I came across this ad on CL, and emailed the guy, apparently all of the rats are being kept together, there are adults, 4-5 week old babies and newborns. Now they need to get rid of them cause there are too many, but the woman wants to keep the original male and female that she started with... :shock:

If theres anyone close enough to Warrensburgh NY that can help in any way it would be wonderful! I hope I'm allowed to post this, it's just so awful!

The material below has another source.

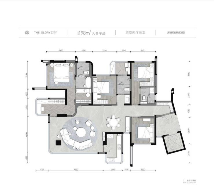- 建面约193-198㎡-四室两厅三卫

http://glensfalls.craigslist.org/pet/3258050314.html


----------



## harleraven (Sep 4, 2012)

Ugh, if she is keeping the two she started with, she is going to just KEEP having more babies. Some people!


----------



## ChoclateBetta (Jul 22, 2012)

Rats do not need to be with the mom as long but still too young the female is already pregnant when first caring for the babies she did everything wrong I am not a rodent expert though just tropical life.


----------



## MoonShadow (Feb 29, 2012)

Rats are able to start breeding as early as 5 weeks old, and should be separated by then.


----------



## MoonShadow (Feb 29, 2012)

Ugh I don't know what to do!! Part of me wants to go bring some of these babies home! But I certainly do not have room for all of them! They're a 3 hour round trip to get there... I'd have to buy a new cage... and seeing them would just break my heart!


----------



## LadyVictorian (Nov 23, 2011)

IMA GO HULK ON THIS WENCH!!!!!!

There is nothing that enrages me more NOTHING than the abuse ABUSES OF RATS. Rats breed back to back that means after one litter is born the doe goes right back into heat this is dangerous damn right fatal to her body and eventually she will lose her energy and die giving birth to one of those litters. She better get the male neutered or keep a son and get rid of all the females. I'm betting those poor babies are already pregnant. God I hate morons like this, they shouldn't be allowed to breath. They abuse animals and don't care to solve the animals suffering and just keep on making them live in their hoarders hell and rat mill nightmare. She's wasting the oxygen better spent on my rats. 

If I were in NY I would just take all her damn rats and slowly put them all up for adoption myself in proper pares of same sex groups. I have 0 tolerance for rat abuse if you can tell. It's just too much, too much ignorance in this world to boil my blood.


----------